-- Extracted material follows --

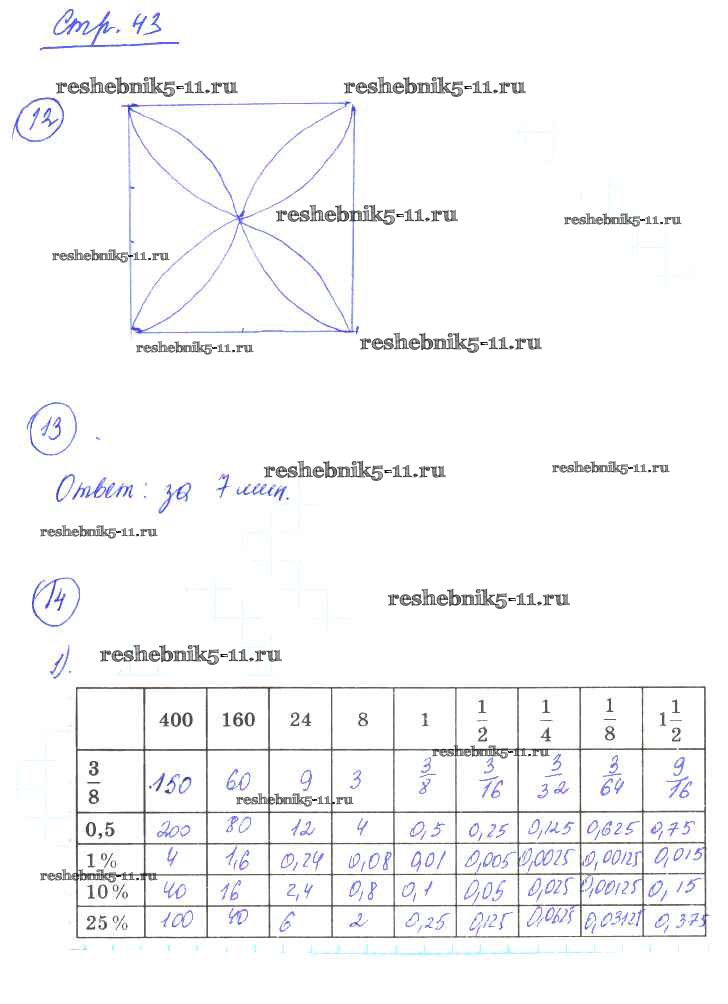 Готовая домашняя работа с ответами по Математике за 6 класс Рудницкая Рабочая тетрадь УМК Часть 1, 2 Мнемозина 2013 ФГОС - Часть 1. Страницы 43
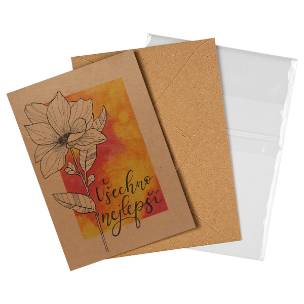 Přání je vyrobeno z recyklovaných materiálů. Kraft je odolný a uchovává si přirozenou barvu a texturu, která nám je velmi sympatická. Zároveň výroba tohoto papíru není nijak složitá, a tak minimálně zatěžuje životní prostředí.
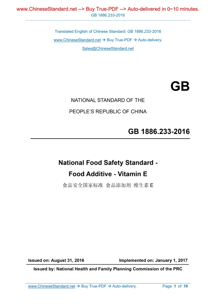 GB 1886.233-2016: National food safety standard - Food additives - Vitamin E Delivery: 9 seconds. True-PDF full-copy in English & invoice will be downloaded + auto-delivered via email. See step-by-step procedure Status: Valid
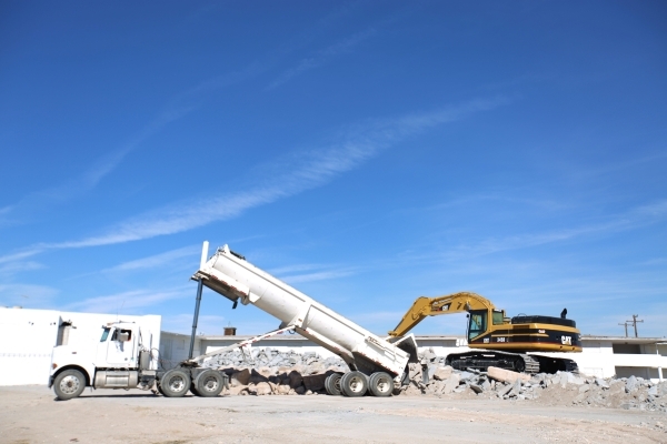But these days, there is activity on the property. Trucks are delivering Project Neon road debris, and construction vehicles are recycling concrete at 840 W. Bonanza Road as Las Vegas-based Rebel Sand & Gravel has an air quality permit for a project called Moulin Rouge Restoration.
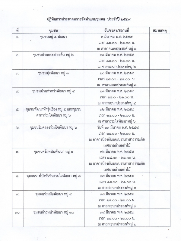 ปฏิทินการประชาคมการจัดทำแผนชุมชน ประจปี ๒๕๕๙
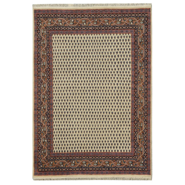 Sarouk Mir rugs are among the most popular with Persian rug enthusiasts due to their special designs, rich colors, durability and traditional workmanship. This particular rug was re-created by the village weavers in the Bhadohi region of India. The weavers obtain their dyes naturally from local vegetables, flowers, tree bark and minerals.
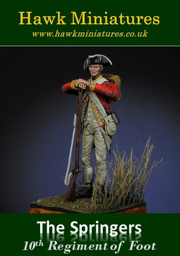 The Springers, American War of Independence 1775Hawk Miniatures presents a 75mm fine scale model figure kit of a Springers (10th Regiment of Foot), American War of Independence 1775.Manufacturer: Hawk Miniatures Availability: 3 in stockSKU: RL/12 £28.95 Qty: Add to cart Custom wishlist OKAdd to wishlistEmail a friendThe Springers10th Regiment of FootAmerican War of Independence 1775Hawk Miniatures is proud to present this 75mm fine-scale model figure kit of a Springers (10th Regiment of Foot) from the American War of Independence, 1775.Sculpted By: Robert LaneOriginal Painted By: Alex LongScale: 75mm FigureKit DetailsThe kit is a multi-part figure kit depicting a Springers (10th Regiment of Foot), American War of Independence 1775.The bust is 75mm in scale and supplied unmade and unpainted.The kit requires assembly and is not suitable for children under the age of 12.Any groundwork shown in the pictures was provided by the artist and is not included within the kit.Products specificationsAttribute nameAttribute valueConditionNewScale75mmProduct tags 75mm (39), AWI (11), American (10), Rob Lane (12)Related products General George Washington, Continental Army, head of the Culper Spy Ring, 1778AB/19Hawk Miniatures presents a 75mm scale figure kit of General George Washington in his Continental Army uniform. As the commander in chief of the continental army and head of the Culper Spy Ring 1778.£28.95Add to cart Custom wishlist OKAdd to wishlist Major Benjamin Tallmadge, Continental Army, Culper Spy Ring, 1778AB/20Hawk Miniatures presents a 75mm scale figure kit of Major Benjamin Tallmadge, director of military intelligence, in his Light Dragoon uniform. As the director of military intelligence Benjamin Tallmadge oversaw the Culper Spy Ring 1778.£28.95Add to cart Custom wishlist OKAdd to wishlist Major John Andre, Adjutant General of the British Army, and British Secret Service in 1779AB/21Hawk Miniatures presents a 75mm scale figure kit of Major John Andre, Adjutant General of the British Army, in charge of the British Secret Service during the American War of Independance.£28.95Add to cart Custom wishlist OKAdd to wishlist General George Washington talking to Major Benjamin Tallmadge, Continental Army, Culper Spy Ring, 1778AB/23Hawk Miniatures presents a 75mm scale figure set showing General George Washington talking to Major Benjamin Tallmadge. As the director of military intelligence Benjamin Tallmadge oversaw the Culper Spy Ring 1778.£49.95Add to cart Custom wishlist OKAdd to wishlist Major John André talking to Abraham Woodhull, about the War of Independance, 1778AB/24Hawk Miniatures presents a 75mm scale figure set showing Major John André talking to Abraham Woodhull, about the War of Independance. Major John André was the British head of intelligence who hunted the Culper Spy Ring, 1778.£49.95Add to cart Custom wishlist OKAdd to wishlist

-- Extracted material concluded --

■ What to work on:
Go through the data above and print exactly the lines from its first line through the line holding "Sarouk Mir rugs", both included, leaving pictures aside.

■ Output for this exercise:
 Готовая домашняя работа с ответами по Математике за 6 класс Рудницкая Рабочая тетрадь УМК Часть 1, 2 Мнемозина 2013 ФГОС - Часть 1. Страницы 43
 Přání je vyrobeno z recyklovaných materiálů. Kraft je odolný a uchovává si přirozenou barvu a texturu, která nám je velmi sympatická. Zároveň výroba tohoto papíru není nijak složitá, a tak minimálně zatěžuje životní prostředí.
 GB 1886.233-2016: National food safety standard - Food additives - Vitamin E Delivery: 9 seconds. True-PDF full-copy in English & invoice will be downloaded + auto-delivered via email. See step-by-step procedure Status: Valid
But these days, there is activity on the property. Trucks are delivering Project Neon road debris, and construction vehicles are recycling concrete at 840 W. Bonanza Road as Las Vegas-based Rebel Sand & Gravel has an air quality permit for a project called Moulin Rouge Restoration.
 ปฏิทินการประชาคมการจัดทำแผนชุมชน ประจปี ๒๕๕๙
 Sarouk Mir rugs are among the most popular with Persian rug enthusiasts due to their special designs, rich colors, durability and traditional workmanship. This particular rug was re-created by the village weavers in the Bhadohi region of India. The weavers obtain their dyes naturally from local vegetables, flowers, tree bark and minerals.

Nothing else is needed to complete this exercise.